Corrigindo erros após instalação do Nginx no Mac OS X
@Velhinho
Recentemente tive dificuldade, para fazer o Nginx funcionar no meu querido Mac OS X. Apesar de basicamente não existir problema durante a instalação, somente após o termino dessa, tive algumas dores de cabeça. Mas, como o problema agora já consta resolvido, vou compartilhar com vocês a solução que adotei.
Introdução

Senão for do seu conhecimento, o Nginx, é um Servidor e Proxy Reverso HTTP de Alta Performance.
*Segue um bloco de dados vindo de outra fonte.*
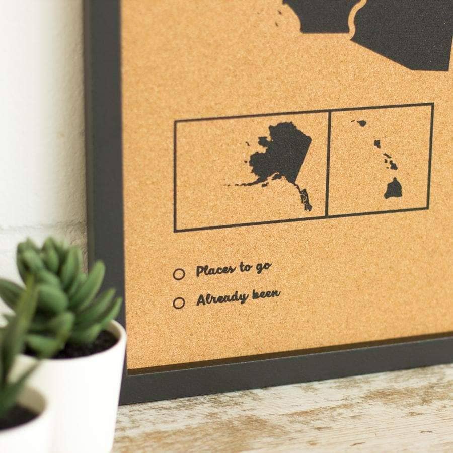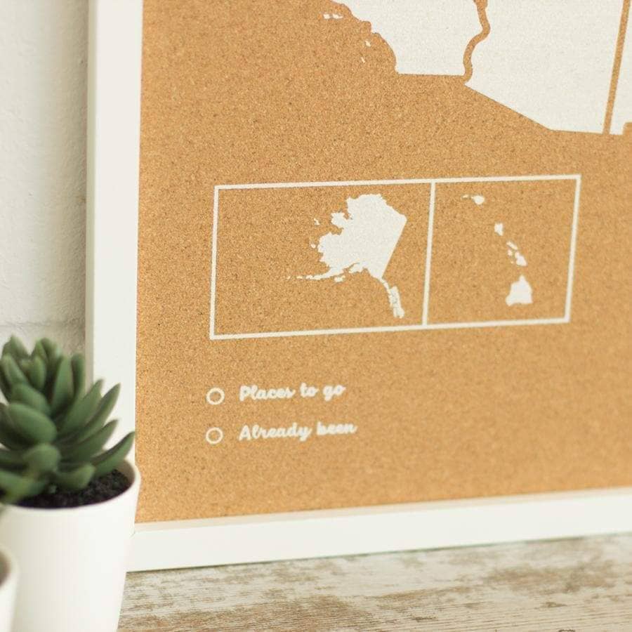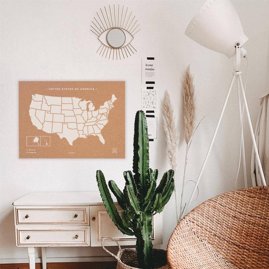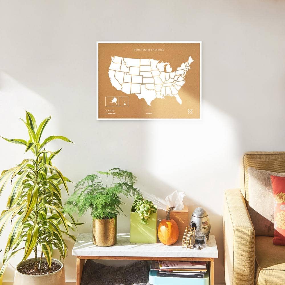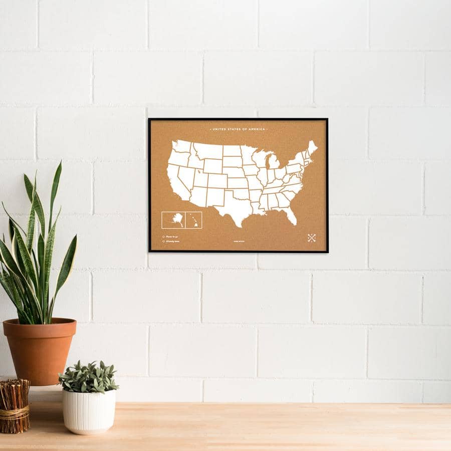 Decore as paredes da sua casa com um mapa dos Estados Unidos em cortiça. Escolha entre o branco e o preto para a moldura e o desenho e pense num local da sua casa onde o vai pendurar. Já o tem? Agora só falta clicar nos pinos incluídos no mapa e pendurar as suas fotografias de estilo vintage.

Óoo, como soa bonita essa frase
!
Porém os motivos em adotar esse servidor foram de alguns artigos da comunidade, como esse da Caelum (por Fábio Kung) e esse daqui também da Boox-box (por Marco Gomes), comentando sobre a baixa quantidade de Memória e CPU que esse servidor consome.
Assim esse foi o motivo da minha pessoa, querer utilizar o Nginx desde o desenvolvimento, passando por qualidade até chegar com aplicação em produção.
A instalação
Nem precisei pedir ajuda do Tio Google, pois no Twitter mesmo já recebi comentários sobre o Nginx + Passenger… Então, vamos ao que interessa!
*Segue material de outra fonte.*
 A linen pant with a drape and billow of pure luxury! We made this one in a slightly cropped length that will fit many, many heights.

Para saber como efetuar a instalação básica do Passenger com Nginx, basta seguir esse Screencast:
Quick Time: http://www.modrails.com/videos/passenger_nginx.mov
Feito isso não somente o meu Mac OS X, como o seu também, deve executar sua aplicação Ruby em segundos (isso mesmo Nginx é muito rápido).
Porém, nem tudo é satisfação.
Piada boba essa.
DNS error – cannot find server
Foi esse o primeiro erro que tive de resolver, após configurar a minha primeira aplicação Ruby.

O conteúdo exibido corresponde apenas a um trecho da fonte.